> _Task to carry out_:
Retype the data exactly, skipping any picture in it.

:: Source data ::

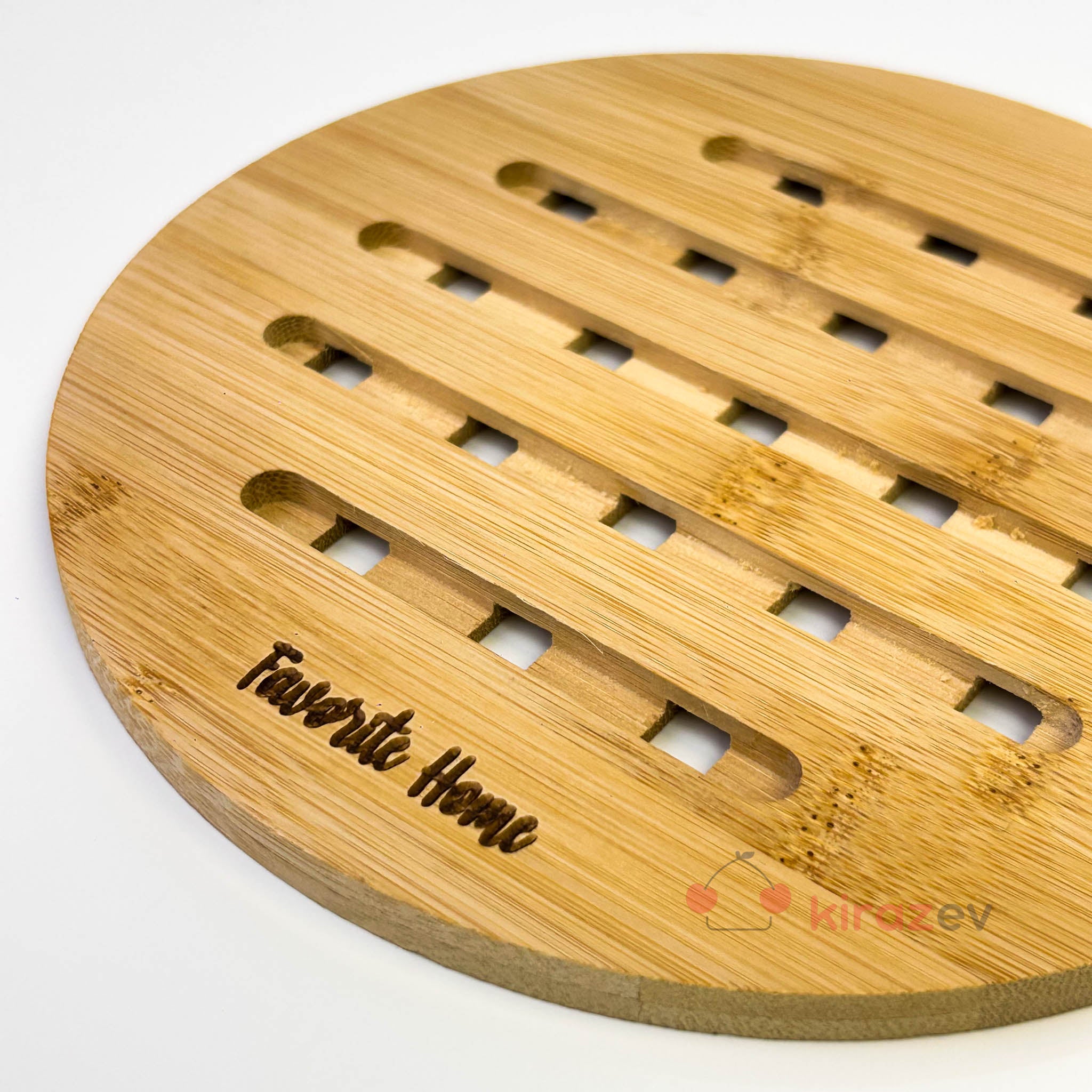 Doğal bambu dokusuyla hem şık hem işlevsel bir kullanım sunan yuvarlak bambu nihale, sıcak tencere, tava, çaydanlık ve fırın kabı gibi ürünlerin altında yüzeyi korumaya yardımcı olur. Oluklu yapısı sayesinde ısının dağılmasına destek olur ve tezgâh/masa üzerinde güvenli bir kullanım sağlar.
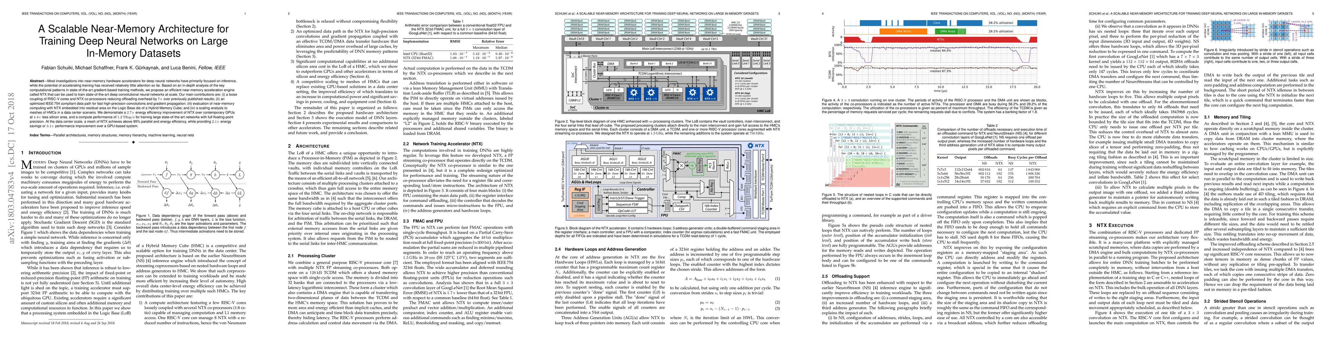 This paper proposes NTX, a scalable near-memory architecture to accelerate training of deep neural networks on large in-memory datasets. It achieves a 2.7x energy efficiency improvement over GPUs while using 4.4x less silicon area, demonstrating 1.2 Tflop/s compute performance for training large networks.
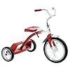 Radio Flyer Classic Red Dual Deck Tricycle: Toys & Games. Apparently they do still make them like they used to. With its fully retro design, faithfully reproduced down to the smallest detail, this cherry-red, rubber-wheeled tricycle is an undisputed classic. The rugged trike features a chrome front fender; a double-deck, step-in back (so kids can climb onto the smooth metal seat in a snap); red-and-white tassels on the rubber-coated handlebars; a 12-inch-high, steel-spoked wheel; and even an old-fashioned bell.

:::

> _Written solution_:
 Doğal bambu dokusuyla hem şık hem işlevsel bir kullanım sunan yuvarlak bambu nihale, sıcak tencere, tava, çaydanlık ve fırın kabı gibi ürünlerin altında yüzeyi korumaya yardımcı olur. Oluklu yapısı sayesinde ısının dağılmasına destek olur ve tezgâh/masa üzerinde güvenli bir kullanım sağlar.
 This paper proposes NTX, a scalable near-memory architecture to accelerate training of deep neural networks on large in-memory datasets. It achieves a 2.7x energy efficiency improvement over GPUs while using 4.4x less silicon area, demonstrating 1.2 Tflop/s compute performance for training large networks.
 Radio Flyer Classic Red Dual Deck Tricycle: Toys & Games. Apparently they do still make them like they used to. With its fully retro design, faithfully reproduced down to the smallest detail, this cherry-red, rubber-wheeled tricycle is an undisputed classic. The rugged trike features a chrome front fender; a double-deck, step-in back (so kids can climb onto the smooth metal seat in a snap); red-and-white tassels on the rubber-coated handlebars; a 12-inch-high, steel-spoked wheel; and even an old-fashioned bell.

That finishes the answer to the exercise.